Sanofi-Aventis has begun airing short, cryptic TV spots for a Web site, SilenceYourRooster.com. The spots are about people who are being deprived of sleep. The ads end with a rooster, and the name of the Web site.

If consumers go to SilenceYourRooster.com, they will discover a Web site promoting the prescription sleep aid, Ambien. Since the TV commercial is about a condition and not a drug, it doesn't have to list the side effects, which for Ambien, are quite extensive.

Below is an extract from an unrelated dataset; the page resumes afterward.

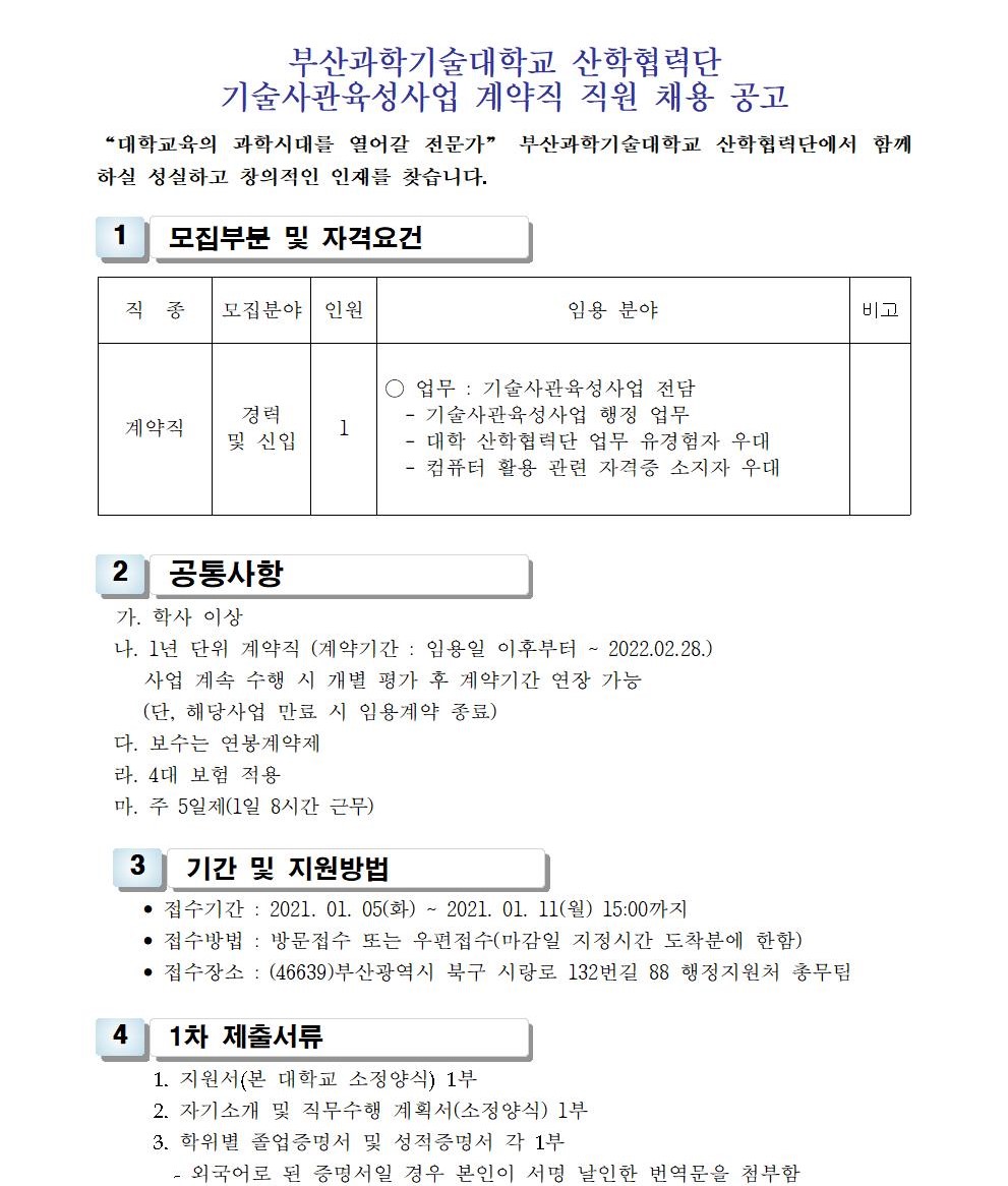 HOME > 기타 > 입찰/채용 입찰/채용 제목 [채용] 산학협력단 기술사관육성사업 전담 계약직 직원 채용 등록일 2020.12.31 09:33:07 작성자 행정지원처 첨부파일 1-3. 지원서 및 자기소개서(계약직).hwp [20.50 KB]1-2. 공고문(계약직).pdf [182.54 KB] 조회 2827 이전글 [채용] 2021학년도 1학기 비정년전임교원, 비전임교원 초빙 공고 다음글 [채용] 2021학년도 1학기 교원(강사) 초빙 공고 목록 비밀글 비밀번호 입력 폼 비밀번호 입력 비밀번호를 입력하여 주세요. 관리자는 확인버튼만 누르시면 됩니다. 비밀번호 잘못된 비밀번호입니다. 비밀번호를 다시 입력해주세요. 확인

The company does list the side effects on SilenceYourRooster.com, but saves money since it doesn't have to pay for precious airtime to list them. The 10 second TV ads cost a lot less than a typical 30 or 60 second commercial.

It appears to be working. In one week, the SilenceYourRooster.com TV spots drove 400,000 visitors to the Web site, according to the Wall Street Journal.

Pfizer, meanwhile, is buying TV spots to urge people who want to quit smoking to visit a Web site called mytimetoquit.com. The Web site promote's Pfizer's drug Chantix, which was approved to help smokers kick the habit.

The drug companies say they aren't trying to bend the Food and Drug Administration rules on listing side effects in advertisements. They say the Web sites are much more efficient in getting their message out, since more information can be delivered -- including information about potential side effects.